Domain-Specific AI Assistant

Overview

This repository demonstrates a domain-specific AI assistant built with LangChain, vector search, and a retrieval-augmented generation (RAG) pipeline.

The goal is to create an AI system that:

understands industry-specific documents,
retrieves the right knowledge from a private data store,
generates grounded, accurate answers,
and supports safe, auditable workflows.

Why Domain-Specific AI?

General-purpose AI often falls short for specialized use cases because it lacks the insider context and rules of a specific domain.

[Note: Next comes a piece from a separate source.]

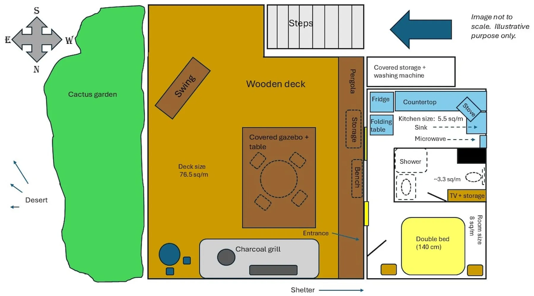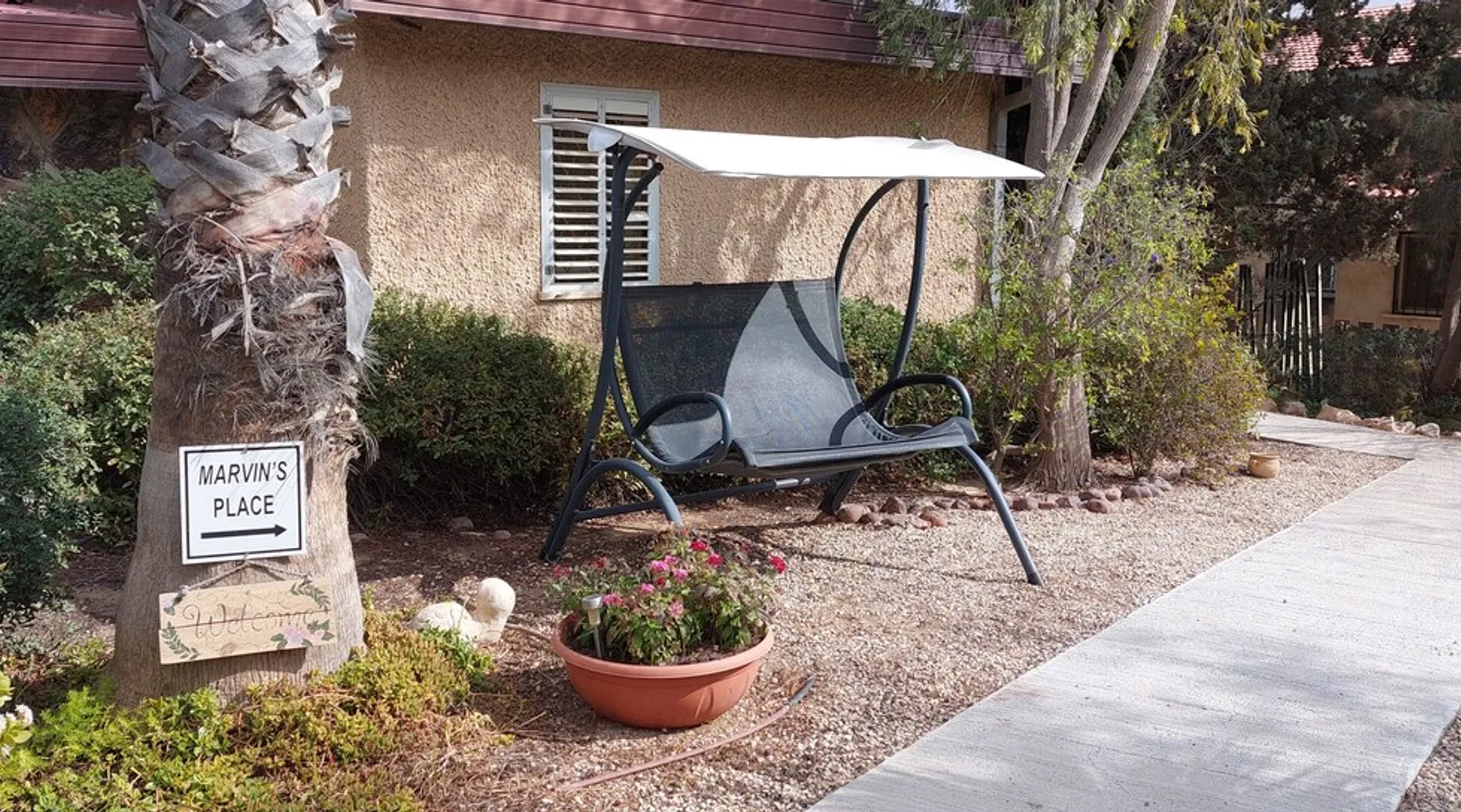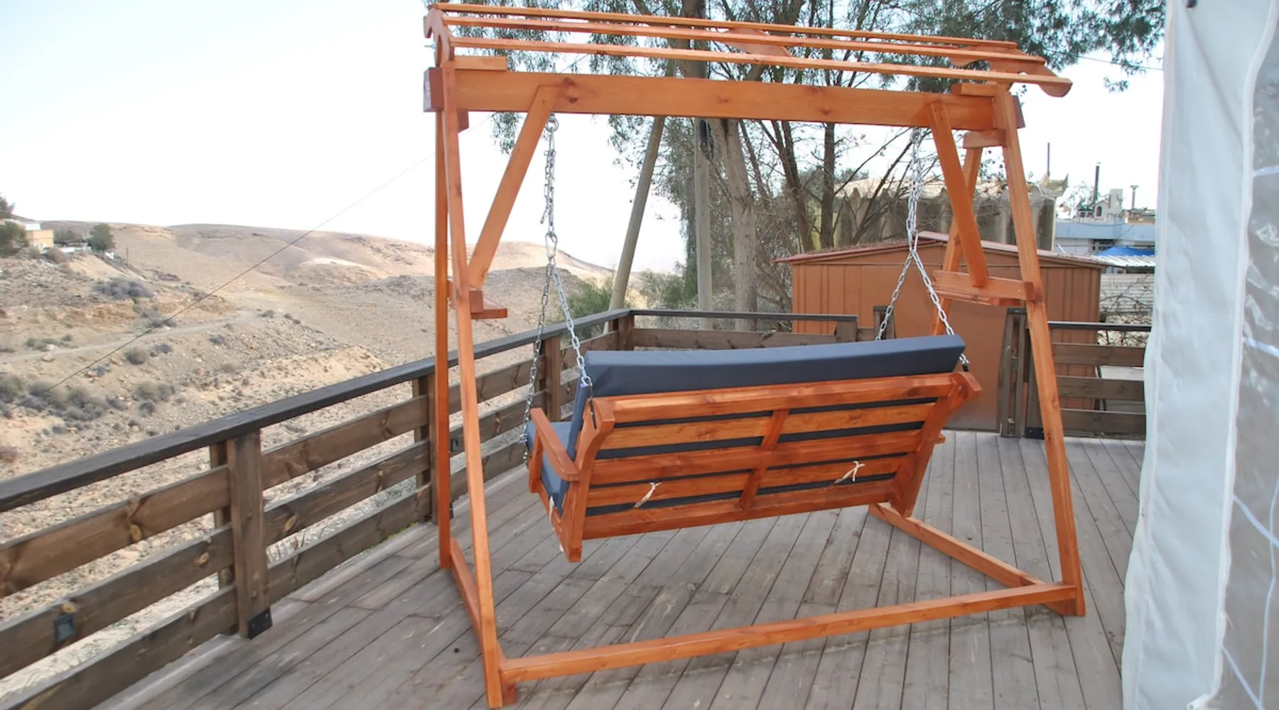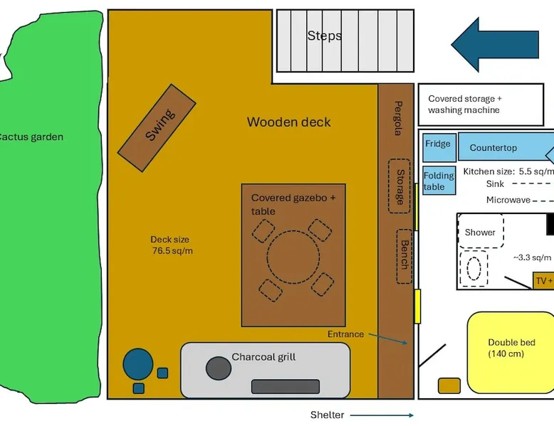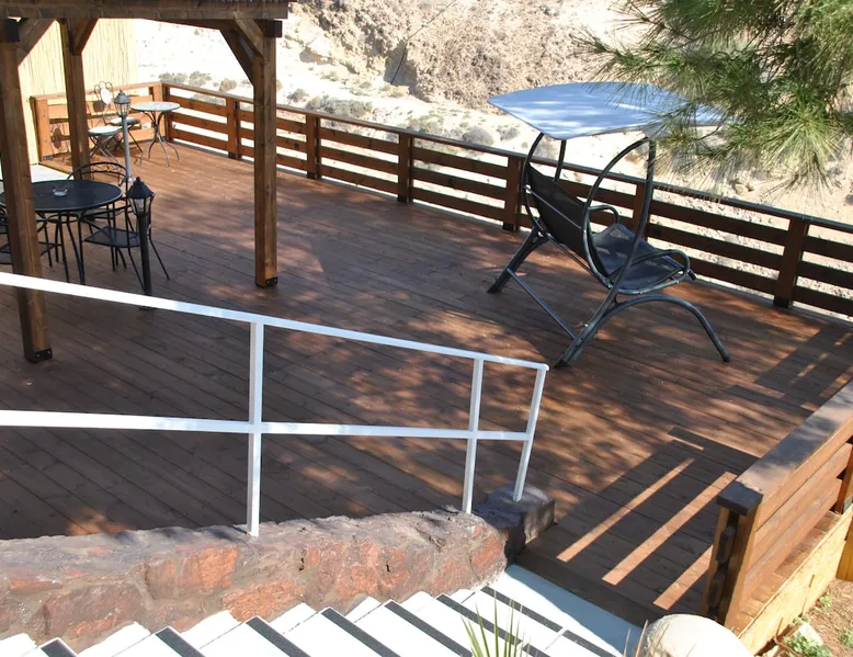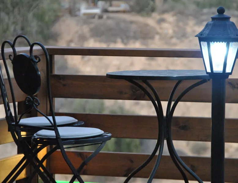** Guests from Israel: Your price does not include 18% VAT, which must be paid separately to the property owner. Contact us for details. ** ** No pets allowed ** Minimum age of guests: 25 Marvin's Place offers high quality accommodation for couples in a relaxed atmosphere. Enjoy our beautiful wooden deck overlooking the captivating shapes of barren desert mountains and the distant Dead Sea on the horizon, the silent breeze of desert wind and a flock of camels strolling by. The space ** Guests from Israel: 18% VAT must be paid directly to owner. Contact us for details. ** ** No pets allowed ** Minimum age of guests: 25 Marvin’s Place served, for two decades, as Marvin Friedman's workroom. This is where he spent much of his time studying desert life and creating magnificent artwork. It is a 1 bedroom / 1 kitchen / 1 bathroom apartment, attached to the main house but accessed separately. Ask anyone in town about Marvin Friedman – they pretty much all know him as the mythological Biology teacher at the Arad High School, and a wildlife zoologist par excellence. “A legend” and “a rare person” are just two of the many powerful words used by some of Marvin’s former students to describe him. His unique teaching method involved taking students out to the desert so that they experience it and bringing desert life into the classroom. He had a way with students, leaving them with great memories many years after his retirement; in fact, many of them claim he was the reason they began to love animals and nature in the first place. Marvin’s workroom was renovated to accommodate one person or a couple looking to enjoy their time in the peaceful town of Arad, and no expense was spared to provide guests with a luxurious experience. As you walk up the driveway, you'll follow a path leading to the back of house where you'll discover a beautiful wooden deck overlooking the desert, and a private entrance to the guesthouse. From the deck you'll enjoy captivating views of the desert and on clear days can see the Dead Sea. On occasion, you'll find a pack of camels grazing below in the valley. Guests have private use of an enclosed, heated gazebo with dining table, as well as a swing, small table, and charcoal grill (just bring your own food of choice and charcoal). When you enter the guesthouse, you'll walk into a small bedroom with a luxurious foam memory double bed. The room is equipped with a 43-inch smart TV with complementary local channels, Netflix, and YouTube. A small door (50 cm / 20 inch wide) leads to the bathroom where you'll find a walk-in shower, shampoo, conditioner, body soap, hair dryer, and of course toilet paper… An adjacent hallway leads to a kitchen, which is fully equipped with everything you'd need for your own cooking (fridge with freezer, gas stovetop, microwave, Espresso coffee machine with complementary capsules, milk foam maker, water kettle, complementary water bottle and milk, cooking oil, spices, and all kitchenware). Marvin's Place is small, but cozy. To accommodate your luggage, we've placed a plastic garden storage unit right outside the guesthouse, freeing up space inside the unit. . Guest access The guesthouse is located in the back part of a private home. To reach it, guests follow a path along the side of the house, down a few steps to a private wooden deck and entrance to the guesthouse. Guests have exclusive use of the wooden deck, which overlooks the desert. Other things to note ** Guests from Israel: 18% VAT paid separately, directly to owner. Contact us for details. ** Non-Israeli citizens are not required to pay VAT. ** No pets are allowed. ** Minimum age of guests: 25

Domain-specific assistants are built from real business data and designed around the language, workflows, and compliance requirements of a target industry.

Key benefits:

better accuracy and relevance,
lower hallucination risk,
improved trust and auditability,
stronger support for regulated environments.

Tech Stack

Component	Technology	Purpose
Language	Python 3.11+	Core development language
LLM Framework	LangChain	Orchestration and RAG pipeline
Language Model	OpenAI GPT	Generative responses and embeddings
Vector Database	Chroma	Semantic search and embeddings storage
Embeddings	OpenAI Embeddings	Document and query vectorization
Text Processing	LangChain Text Splitters	Document chunking and preprocessing
Web Framework	FastAPI	REST API deployment
Server	Uvicorn	ASGI server for FastAPI
Memory Management	LangChain Memory	Multi-turn conversation context
Document Loading	LangChain Loaders	PDF, DOCX, and text ingestion
Tool Integration	LangChain Tools & Agents	Safe function execution

Key Libraries

langchain - LLM orchestration and RAG patterns
langchain-openai - OpenAI integration
langchain-chroma - Chroma vector store integration
fastapi - REST API framework
uvicorn - ASGI web server
openai - OpenAI API client
chromadb - Vector database

Core Pipeline

The main pattern in this repository is:

ingest → chunk → embed → index → retrieve → generate → act

This pipeline ensures the assistant is grounded in real data and able to answer domain-specific questions reliably.

What This Project Shows

This repo includes examples for:

document ingestion and preprocessing,
text chunking and metadata enrichment,
building embeddings and a Chroma vector store,
retrieval-based QA with LangChain,
memory-enabled conversational behavior,
safe tool integration,
basic FastAPI deployment.

Repository Files

scripts/ — executable workflows and demos.
utils/ — helper modules for ingestion, chunking, and retrieval.
common/ — reference documents and shared notes.
requirement.txt — Python dependencies.
data/ — sample domain documents.
db/ — persisted Chroma database storage.

Use scripts/ for runnable workflows and demos, and utils/ for reusable ingestion, chunking, and retrieval helpers.

Project Structure

Domain-Specific-AI-Assistant/
├── scripts/
│   ├── app.py
│   ├── generate_embeddings.py
│   ├── ingest_and_build_index.py
│   ├── qa_chain_demo.py
│   ├── memory_multiturn_demo.py
│   └── tools_safe_execution_demo.py
├── utils/
│   ├── ingestion_loaders.py
│   ├── preprocess_and_chunk.py
│   └── retriever_strategies.py
├── common/
│   ├── Document.docx
│   ├── Document.pdf
│   └── lang_chain_domain_specific_assistant.md
├── requirement.txt
├── README.md
├── data/
│   ├── product_specs.txt
│   ├── refund_policy.txt
│   ├── shipping_info.txt
│   └── subcontinent.txt
└── db/
    ├── chroma.sqlite3
    └── fc3b1578-a351-4bce-a39a-0f08a67ef73e/

Demo Examples

`qa_chain_demo.py`

A short demonstration of retrieval-based QA using LangChain and a Chroma retriever.

from langchain_openai import ChatOpenAI
from langchain_classic.chains import RetrievalQA

retriever = vectordb.as_retriever(search_kwargs={"k": 4})
llm = ChatOpenAI(temperature=0)
qa = RetrievalQA.from_chain_type(
    llm=llm,
    chain_type="stuff",
    retriever=retriever,
)
print(qa.run("How do I issue a refund for an international order?"))

`memory_multiturn_demo.py`

A simple memory-enabled conversation example that keeps recent chat history for better multi-turn behavior.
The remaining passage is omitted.